Billy is happy to hold court on a range of political issues - from Thatcher to the influence of supermarkets on Government policy.
But bringing the conversation back to more immediate issues, and conscious of his inability to sit still, I ask him what’s next up his sleeve.
Billy tells me he has “bigger and better” things in his sights and is determined not to become a “one hit wonder”. Part of this plan involves Pacha - the club he helped launch in Victoria in 2001 and owns today.
A timely and substantial refurbishment is on the cards, creating a rooftop garden that will bring the venue’s smoking facilities up to scratch. And the roll out plans he outlined at the Pacha’s launch have resurfaced: Pacha bars in London and around the M25 are apparently on the agenda.
“We’re looking at re-engineering the brand and making it a little bit more Cross-esque, raising its game slightly,” he says. “The music policy and the interior will have an upmarket lift and the roof gardens will have brand identity through marketing flyers and associations with promoters and certain DJs.”

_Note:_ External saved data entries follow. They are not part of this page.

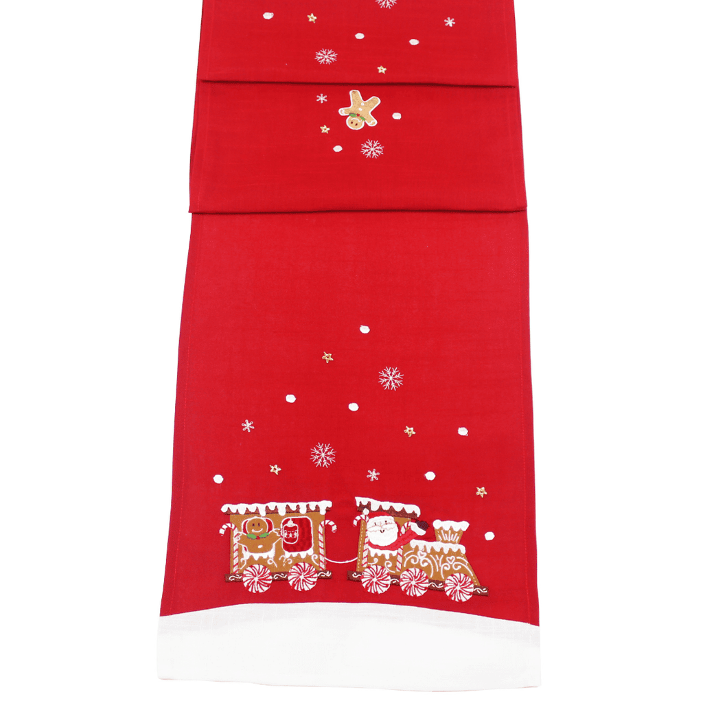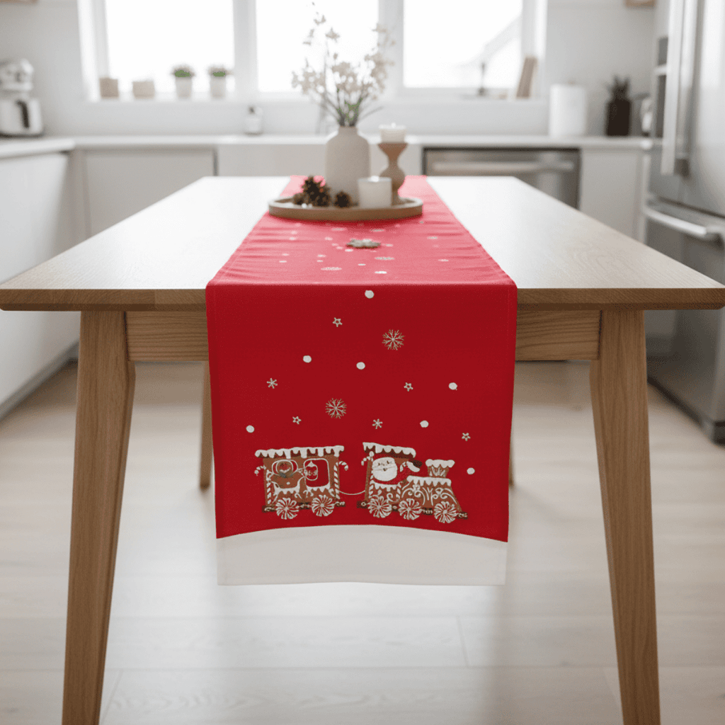 Add charm and playfulness to your festive dining with the Christmas Table Runner ‘Gingerbread Train’. Featuring a delightful appliqué gingerbread train, this runner is designed to bring warmth, joy, and seasonal character to your table setting.
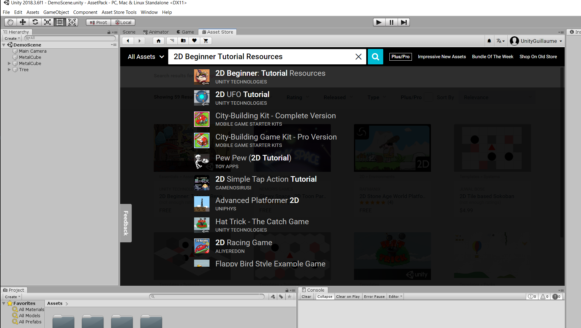 1. 在搜索栏中,输入“2D Beginner: Tutorial”,然后单击搜索结果。
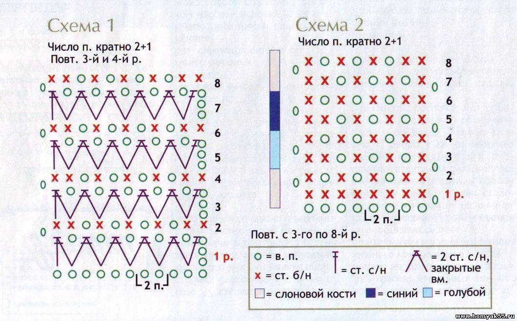Нитью цвета слоновой кости набрать цепочку из 11 ВП и вязать узором по схеме 2. На высоте 6 см, учитывая, что последним должен быть связан ряд нитью цвета слоновой кости, обрезать нить.
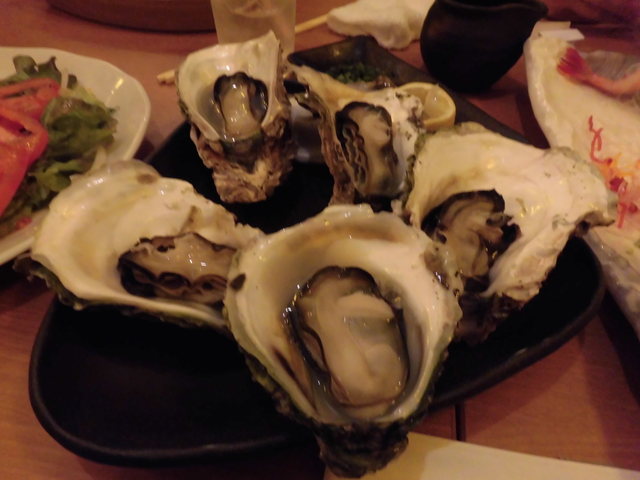 ②は缶で10分蒸した生牡蠣で店長が素手で開けてくれました。ポン酢が合いますね~
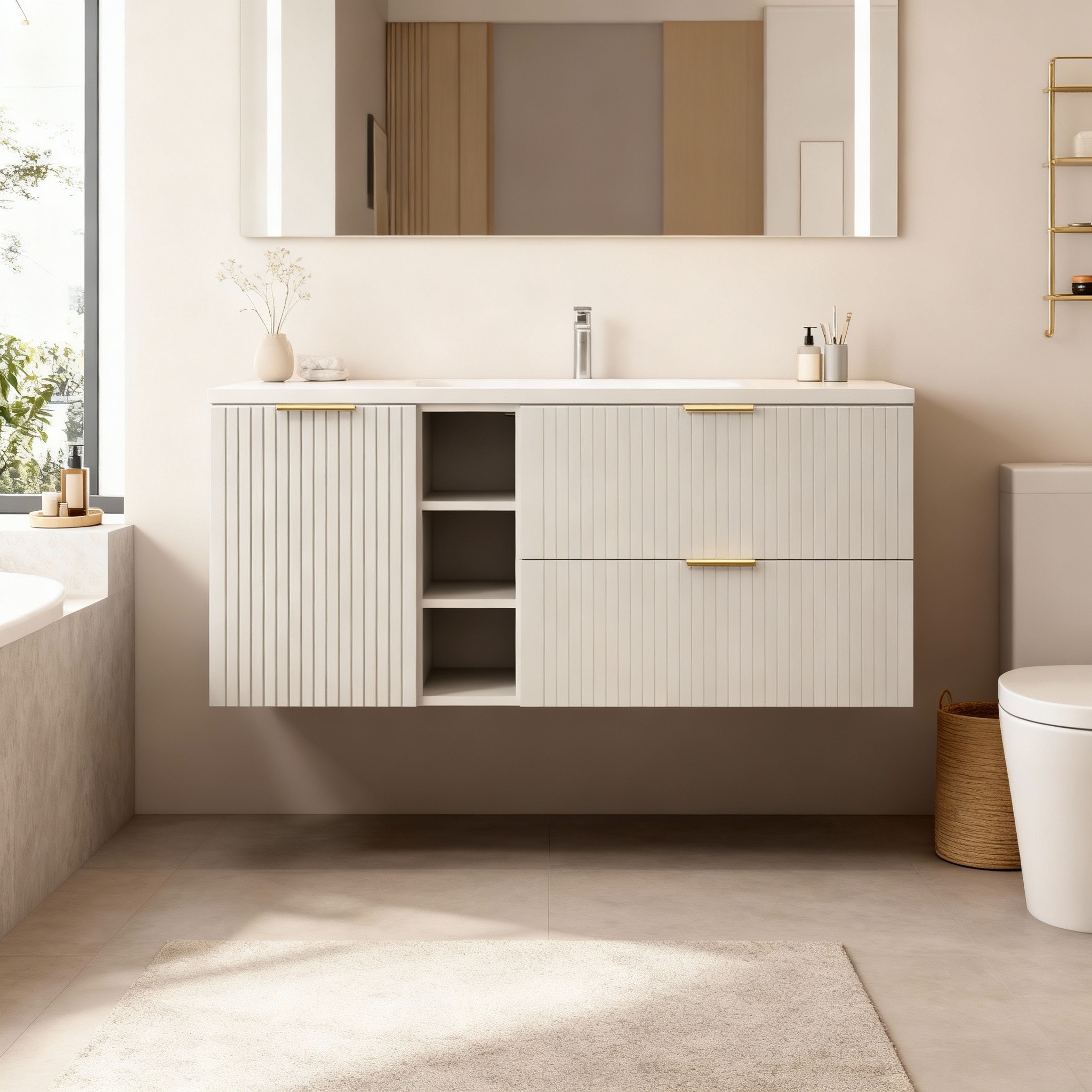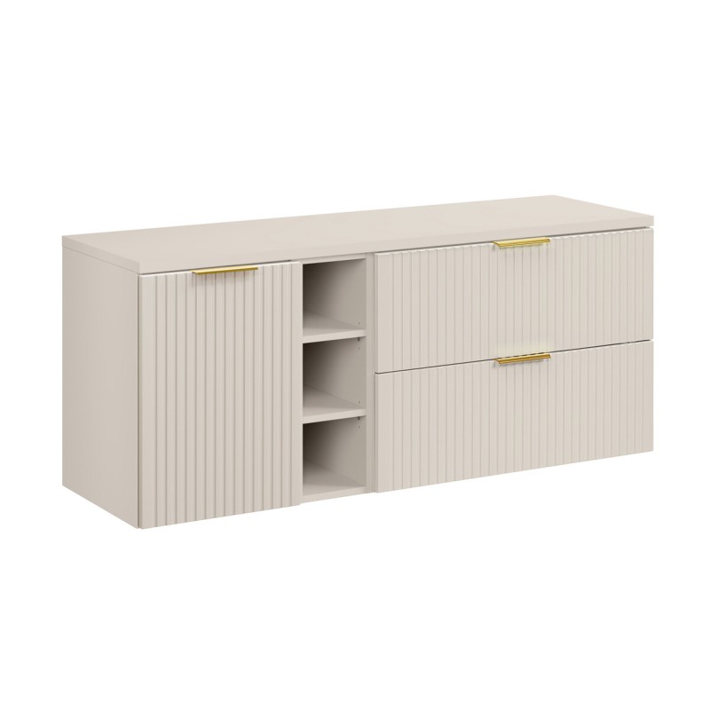 Offrez-vous confort et élégance avec l’ensemble de salle de bains NOXERA 140 cm. Ce modèle généreux comprend deux meubles sous vasque avec, en tout, 4 tiroirs, un plan pour vasque large et une étagère suspendue offrant 2 niches ouvertes assorties pour encore plus de praticité.
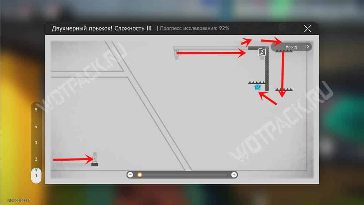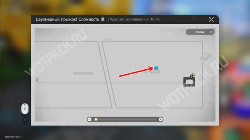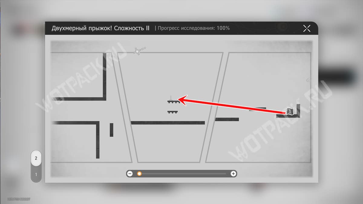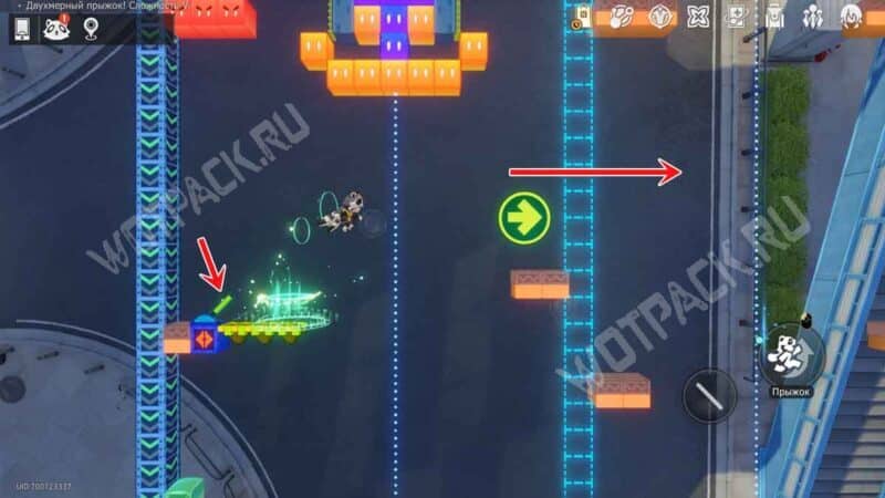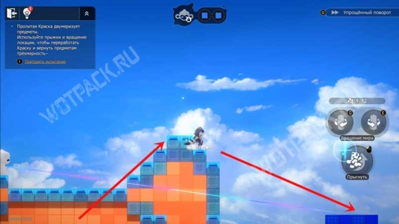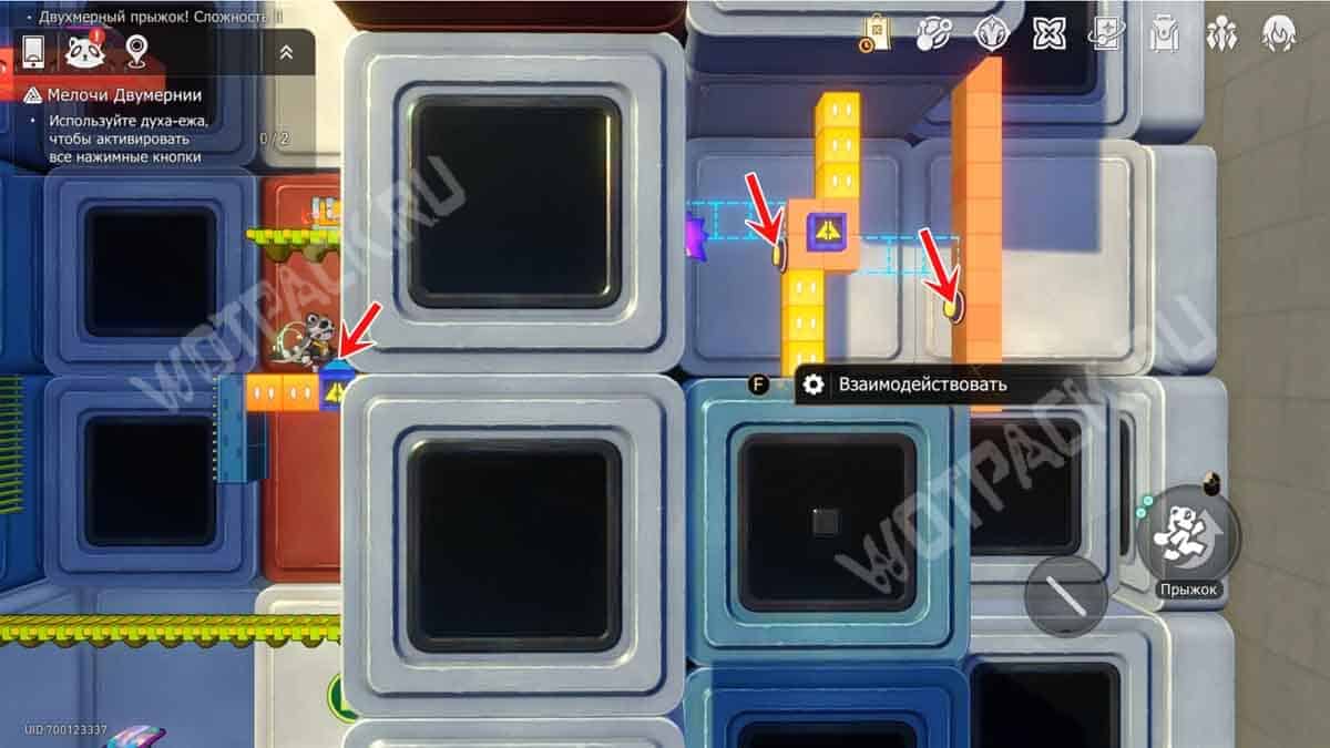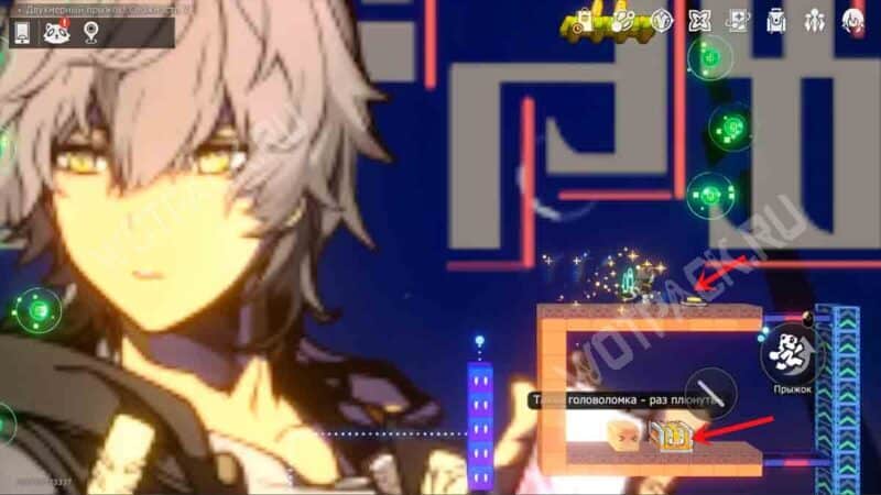 На белой колонне рядом с лавочкой зайдите в портал «Двухмерный прыжок! Сложность 2».
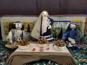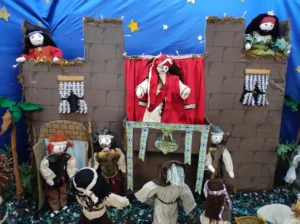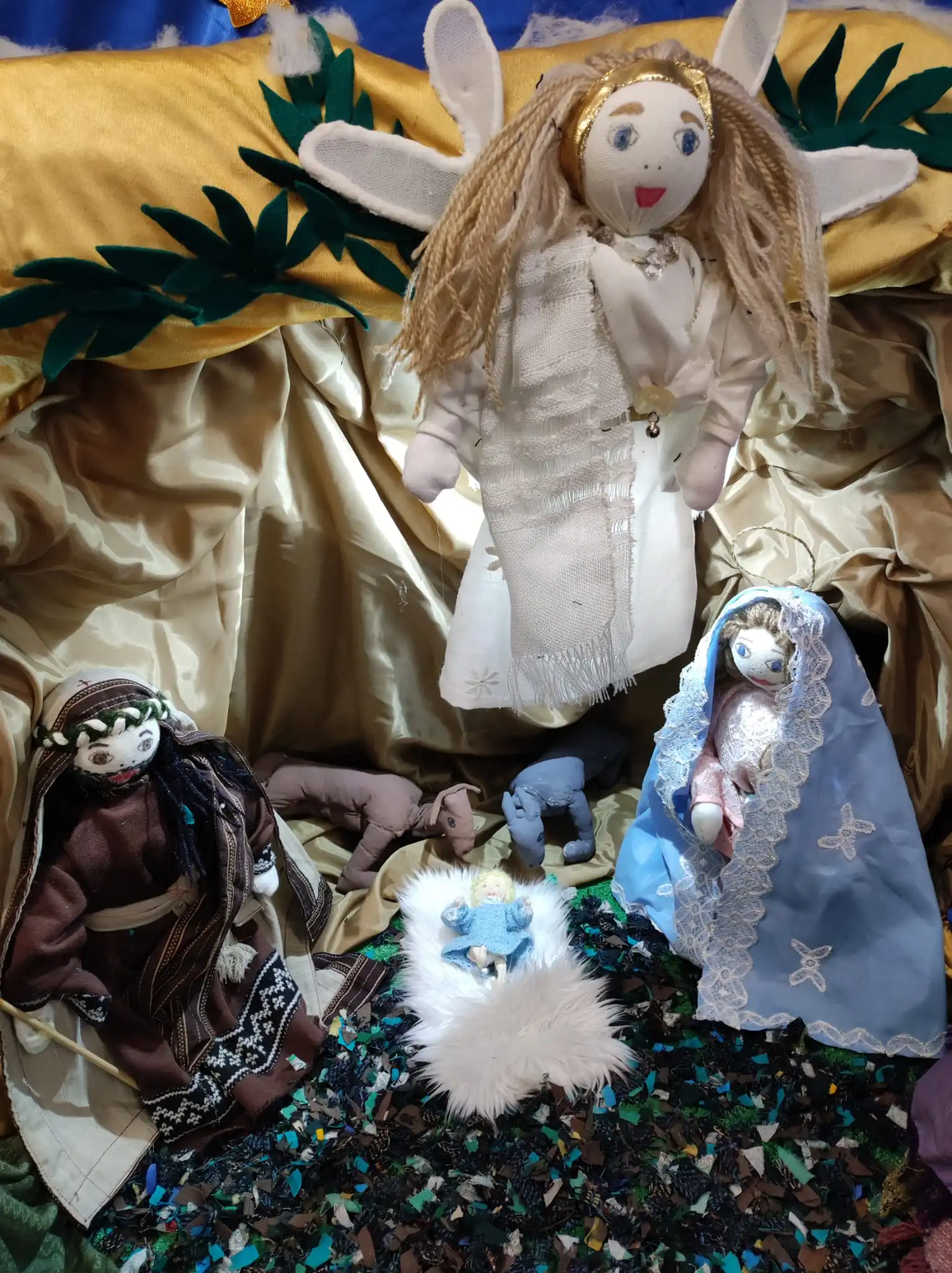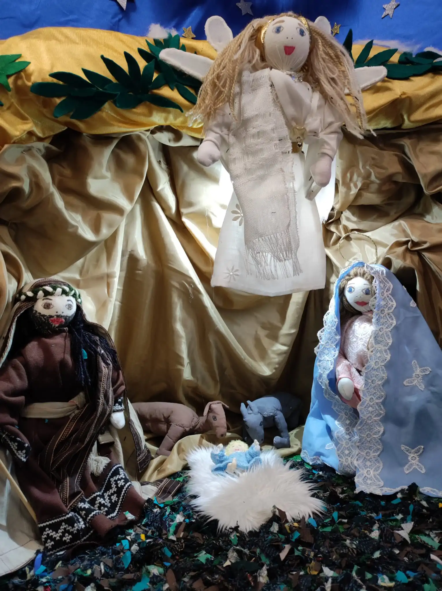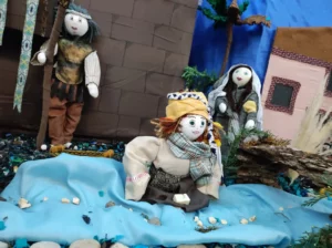 El Belén que os vamos a mostrar está hecho a mano, con trapos, hace 15 anos que se hizo, de mano de Dora, de Tomassa, de Paca entre otras. Y nosotras que somos las más jovenes seguimos la tradición que colabora Bene, Angelines, Polo, Macu, Maricarmen, Pilar… entre otras más.

Billy is also going down the licensing route with another “interesting space” in Camden, but when pushed won’t reveal any details. His gastro pub The Driver in Kings Cross is also undergoing refurbishment. He says: “Turnmills closes next month; London’s gaping some big holes in the club market. In the last year you’ve had Hammersmith Apollo, The Cross, Canvas, The Key, Turnmills and the Astoria close their doors.
“But I’m a firm believer in destiny. The new Billy Reillys need to come in and I need to find new spaces to reinvent myself.” If the result is anything like the Billy Reilly of The Cross years, then we’re in for some surprises yet.